En ocasiones, nos encontramos con joyas ocultas que nos sorprenden gratamente, éste es el caso del sólido y semidesconocido melodrama de Mervyn LeRoy ”Después de la oscuridad”, que merece todas las reivindicaciones posibles. Este director tenía una hábil mano para dirigir melodramas realmente buenos, como el que nos ocupa en esta ocasión y también, por poner solamente otro ejemplo, ”El puente de Waterloo”.

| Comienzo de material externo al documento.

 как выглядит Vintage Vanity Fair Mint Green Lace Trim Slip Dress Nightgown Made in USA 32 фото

Jean Simmons firma aquí una de las mejores interpretaciones de toda su carrera, está magnífica y aborda sutilmente un complejo personaje que podía caer fácilmente en el exceso actoral, al tratarse de una mujer que sufre desequilibrios mentales (entre la depresión y la locura), pero su más que demostrado aplomo y solvencia interpretativa mantienen su interpretación en el punto exacto ya que, en muchas ocasiones, su melancólica mirada lo dice todo. La Simmons poseía una especial facilidad para dar vida a mujeres desequilibradas o con un frágil estado mental (”Cara de ángel”, ”El fuego y la palabra” o ”Con los ojos cerrados”, en todas está excepcional, además de ser cintas altamente recomendables), papeles complicados que suponen todo un reto para cualquier intérprete, ante el gran riesgo que corren de rozar la caricatura y, de ese modo, no resultar creíbles en pantalla moviéndose en la fina línea entre la contención y la sobreactuación.

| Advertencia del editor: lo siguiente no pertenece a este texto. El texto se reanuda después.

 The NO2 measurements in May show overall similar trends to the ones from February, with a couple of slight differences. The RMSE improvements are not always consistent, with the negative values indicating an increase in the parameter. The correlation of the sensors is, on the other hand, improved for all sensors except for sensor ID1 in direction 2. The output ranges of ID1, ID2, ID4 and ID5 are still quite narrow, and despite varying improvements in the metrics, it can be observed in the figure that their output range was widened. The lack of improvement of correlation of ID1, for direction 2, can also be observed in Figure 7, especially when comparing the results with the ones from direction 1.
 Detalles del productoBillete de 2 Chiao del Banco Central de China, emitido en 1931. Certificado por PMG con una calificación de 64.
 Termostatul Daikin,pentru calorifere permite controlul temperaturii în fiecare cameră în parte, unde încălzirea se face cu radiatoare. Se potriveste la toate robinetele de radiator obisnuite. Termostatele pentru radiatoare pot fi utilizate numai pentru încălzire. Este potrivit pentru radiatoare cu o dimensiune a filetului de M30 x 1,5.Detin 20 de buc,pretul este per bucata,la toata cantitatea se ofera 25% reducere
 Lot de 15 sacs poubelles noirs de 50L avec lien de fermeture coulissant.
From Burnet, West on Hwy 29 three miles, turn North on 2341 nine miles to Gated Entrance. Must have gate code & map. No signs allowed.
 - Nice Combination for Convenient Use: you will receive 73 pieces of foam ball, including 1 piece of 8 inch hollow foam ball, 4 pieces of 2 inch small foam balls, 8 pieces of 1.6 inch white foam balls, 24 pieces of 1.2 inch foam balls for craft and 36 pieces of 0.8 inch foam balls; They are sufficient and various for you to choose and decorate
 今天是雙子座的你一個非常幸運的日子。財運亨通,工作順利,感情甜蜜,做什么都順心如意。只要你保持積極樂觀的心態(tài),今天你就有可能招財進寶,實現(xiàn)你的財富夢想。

Jean Simmons, bajo mi punto de vista, posee rasgos físicos que la asemejan considerablemente con la mítica Elizabeth Taylor, pero habiendo visto varios trabajos de ambas actrices, en el ámbito interpretativo veo a la Simmons bastante superior, creo que es más capaz de bordar personajes complejos desde la sutilidad, con ella ”menos es más”, su intensa mirada sirve a las mil maravillas para encarnar todo tipo de personajes, suele alcanzar esa necesaria autenticidad actoral, con aparentemente pocos recursos interpretativos, sin llegar a la sobrectuación, que no siempre está justificada por el rol que le toque desempeñar a cada actor, la gran y difícil habilidad de controlarse (interpretativamente hablando, me refiero) es una de las cualidades que más le aprecio a Simmons como actriz.

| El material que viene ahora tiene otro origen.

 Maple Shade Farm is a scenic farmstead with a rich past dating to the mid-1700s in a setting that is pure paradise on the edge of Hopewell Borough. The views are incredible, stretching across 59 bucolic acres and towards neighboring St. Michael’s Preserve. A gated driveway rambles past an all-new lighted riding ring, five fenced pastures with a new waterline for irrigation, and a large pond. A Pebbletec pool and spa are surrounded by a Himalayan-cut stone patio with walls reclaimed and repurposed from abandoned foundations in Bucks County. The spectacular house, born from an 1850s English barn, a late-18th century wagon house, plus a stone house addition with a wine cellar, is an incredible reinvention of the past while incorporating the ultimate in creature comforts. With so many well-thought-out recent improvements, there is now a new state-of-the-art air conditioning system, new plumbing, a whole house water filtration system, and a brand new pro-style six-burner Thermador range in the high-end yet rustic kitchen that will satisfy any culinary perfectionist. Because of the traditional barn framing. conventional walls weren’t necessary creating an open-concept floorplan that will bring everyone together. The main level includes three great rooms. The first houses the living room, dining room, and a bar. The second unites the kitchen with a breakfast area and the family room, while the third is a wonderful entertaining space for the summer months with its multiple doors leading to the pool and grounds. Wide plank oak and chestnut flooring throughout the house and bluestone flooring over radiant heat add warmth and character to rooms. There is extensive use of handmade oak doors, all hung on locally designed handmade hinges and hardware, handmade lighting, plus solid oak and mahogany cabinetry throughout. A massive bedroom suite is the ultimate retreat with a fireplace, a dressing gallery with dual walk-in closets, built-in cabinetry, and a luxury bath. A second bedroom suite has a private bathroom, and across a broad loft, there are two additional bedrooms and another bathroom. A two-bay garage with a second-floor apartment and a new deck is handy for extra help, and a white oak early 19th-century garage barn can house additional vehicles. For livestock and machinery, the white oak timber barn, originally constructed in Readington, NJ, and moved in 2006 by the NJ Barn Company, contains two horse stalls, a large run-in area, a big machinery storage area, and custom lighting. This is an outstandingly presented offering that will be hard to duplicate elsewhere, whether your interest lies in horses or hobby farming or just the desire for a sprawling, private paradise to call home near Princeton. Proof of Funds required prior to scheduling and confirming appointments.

Todo el reparto de ”Después de la oscuridad” cumple con creces, pero es Simmons quien resalta más y engrandece la película. Es una cinta que, pese a su extensa duración, hace que el interés del espectador nunca decaiga, la mayor parte del metraje es absorbente, hipnótico e inquietante. El único pero que se le podría achacar, es que la película no termina de cerrarse adecuadamente, ya que el desenlace se produce de manera algo precipitada, lo que puede desconcertar o dejarle una sensación agridulce al respetable, ya que el recorrido anterior hasta llegar hasta ahí está lleno de puntos álgidos, interesantísimos y fascinantes en general. Película imperfecta como la mayoría, pero que merece muchísimo la pena.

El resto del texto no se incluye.